Temperature and oxygen from the EcoCTD and the ship’s CTD presented a good match (R2 = 0.96) with linear regression close to the 1:1 line (Fig. 6). The offsets yielded by the regressions are both within instruments accuracy. However, there was a constant offset between the conductivity profiles of the ship’s CTD and the EcoCTD. Although the RBR Concerto3 was factory calibrated before the cruise, several components were added in proximity to the conductivity cell, namely a plastic guard, a casing, and a weight (see Fig. 1). As the conductivity is measured inductively, any component located close to the conductivity cell would affect the measured ionic current, and thus the conductivity reading (Halverson et al. 2017). An offset of 0.048 32 mS cm−1 was therefore applied to all conductivity observations to compensate for these effects (Fig. 6b).
Chl-F was measured from the shipboard CTD using a Chelsea Aqua 3 fluorometer, and calibrated using 34 samples from 17 stations. For quantification of chlorophyll-a, 0.5 L of seawater was filtered onto 45 mm GF/F Whatman filters and analyzed at the Balearic Islands Coastal Observing and Forecasting System (SOCIB). Samples were extracted for 24 h in 90% acetone in dark conditions for fluorometric determination (Turner Designs, trilogy fluorometer; Alou et al. 2018a). A linear regression was used to convert chl-F measured from the EcoCTD in number of counts to micrograms per liter (Fig. 6d).
b. Data collected on upcasts
1) Data quality
For free-falling profiling instruments, such as the UCTD and EcoCTD, the data quality on upcasts is traditionally thought to be poor. Sensors are mounted to face the flow while the instrument is free-falling, therefore encountering undisturbed water and maximizing data quality. During upcasts, however, sensors are measuring within the wake of the instrument. This commonly leads to a mismatch between profiles collected on the downcast and the upcast, but also to smoother upcast profiles due to the turbulent mixing generated by the instrument.
While both the CTD and oxygen sensors are oriented in a direction favorable to downcasts, the ECOPuck is oriented in the radial direction to the EcoCTD (Fig. 1), potentially making the bio-optical data usable on both down- and upcasts, increasing the spatial and temporal resolution of the data.

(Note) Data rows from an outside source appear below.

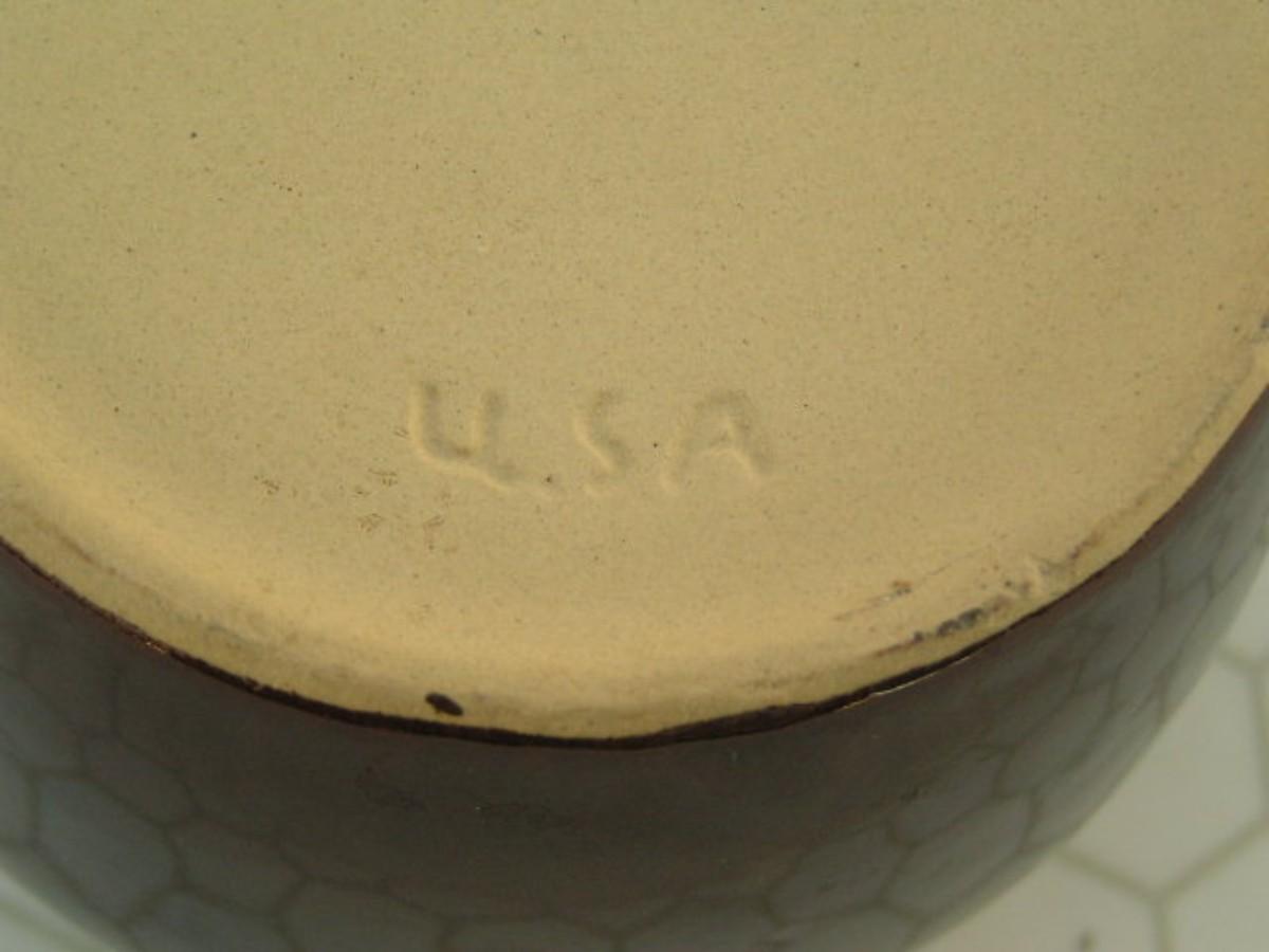 Vintage Stone Ware crockery bean pot w/brown glaze. Marked U S A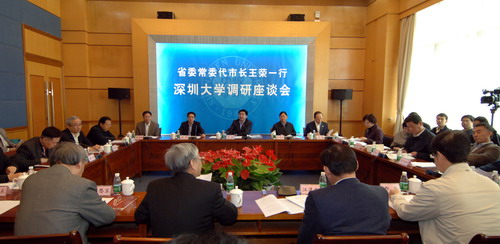 3月11日上午,广东省委常委、深圳市代市长王荣,市委常委、市教育工委书记李意珍,市委常委、常务副市长李锋,市政府秘书长李平等及市政府多个部门领导到我校调研,校领导江潭瑜、章必功、邢苗、陶士平、陶一桃、阮双琛、邢锋、李永华、李凤亮陪同参加调研。
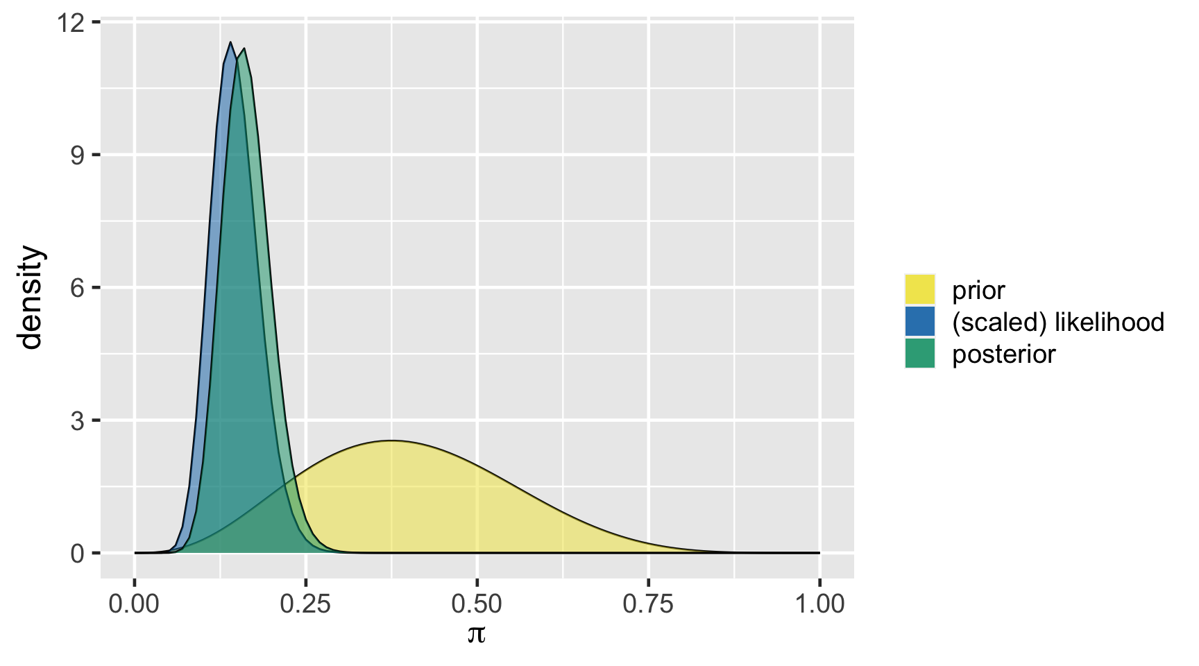 \[\begin{split} Y | \pi & \sim \text{Bin}(100, \pi) \\ \pi & \sim \text{Beta}(4, 6) \\ \end{split} \;\;\;\; \Rightarrow \;\;\;\; \pi | (Y = 14) \sim \text{Beta}(18, 92)\]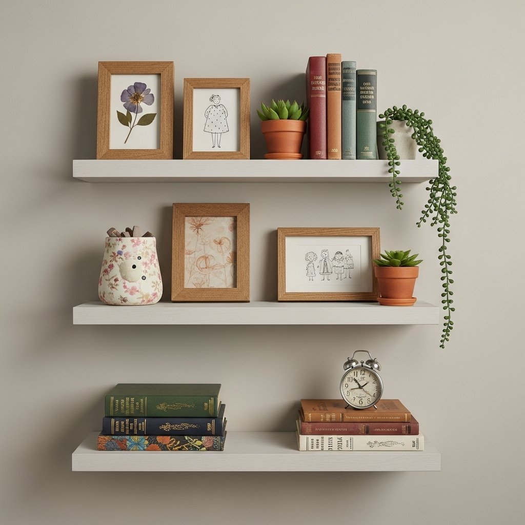 6. Aesthetic Shelf Decor with Handmade Items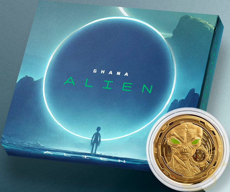 Tauchen Sie ein in die mysteriöse Welt der Außerirdischen mit der exklusiven 1 Unze Goldmünze Africa Ghana Alien 2023 - Coloriert.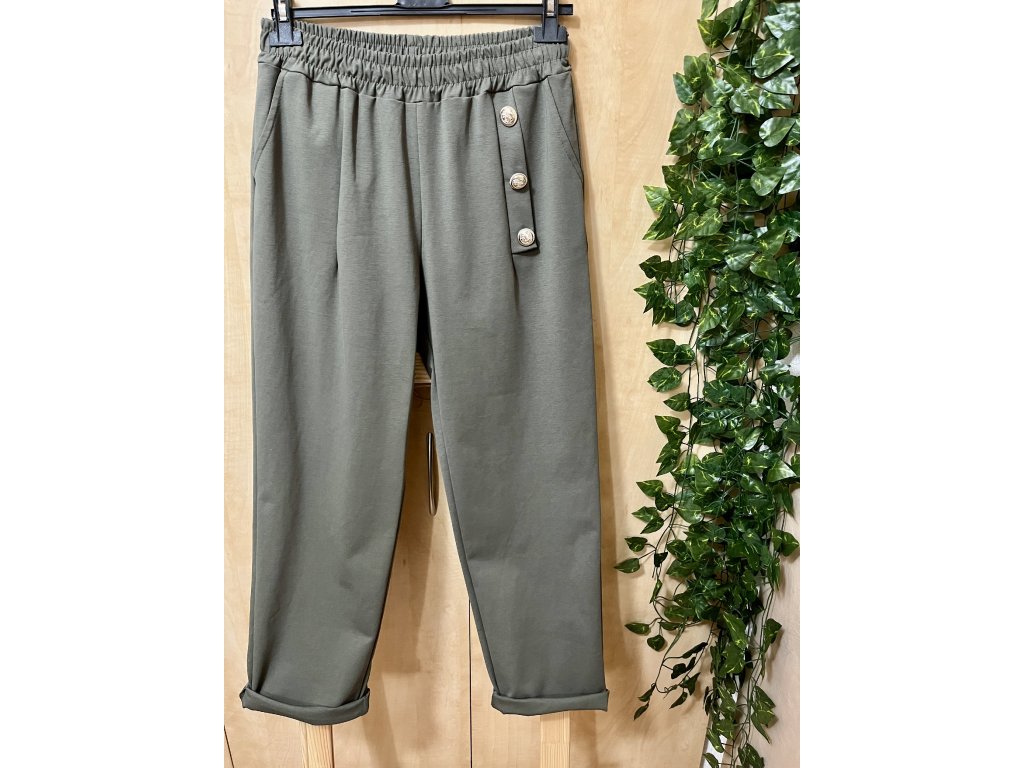 Khaki kalhoty s ozdobnými knoflíky Italy

A comparison between the data collected by the ECOPuck (backscatter and chlorophyll) on downcasts and upcasts was conducted to assess the data quality on upcasts.
To match the upcast and the downcast profiles, the following processing steps are applied: 1) the baseline signals are computed on upcast and downcast [see section 3a(2)], 2) both baseline signals are binned onto a regular vertical grid, 3) the cross-correlation function is computed between the two gridded profiles to determine the lag at which the two profiles are most correlated, and 4) this corrective lag is applied to the pressure signal on the upcast. Any measurements collected at a vertical speed less than 1 m s−1 are ignored to exclude the noisy measurements collected while the EcoCTD is dragged at the ocean surface preceding a downcast and at the end of an upcast (Fig. 2a).
While there may be small-scale lateral variability, the overall shape of the down- and upcasts is expected to be correlated. The correlation between downcasts and upcasts is significantly improved after applying the corrective lag. In the case of bbp (470), for example, the goodness of fit to a 1:1 line increases from R2 = 0.86 to R2 = 0.92. The root-mean-square-error of the upcast relative to the downcast decreases from 1.01 to 0.78 counts (Fig. 7). This result demonstrates that bio-optical data collected on upcasts are of good quality.
2) Upcast geolocation
Our data analysis revealed that the optical data collected by the ECOPuck (backscatter and chlorophyll) on upcasts are of good quality and can be used in conjunction with the observations collected on downcasts, essentially doubling the lateral resolution. For the upcast measurements to be used in this manner, it is necessary to georeference the observations in space.
The underwater trajectory of the EcoCTD is assumed to be purely vertical on downcasts ( appendix B). The spatial coordinates of the ship at the time of release thus determines the location of the downcast. On the upcast, however, the underwater trajectory of the EcoCTD is nontrivial and must be inferred (see Fig. 2). Two different approaches were considered in our analysis.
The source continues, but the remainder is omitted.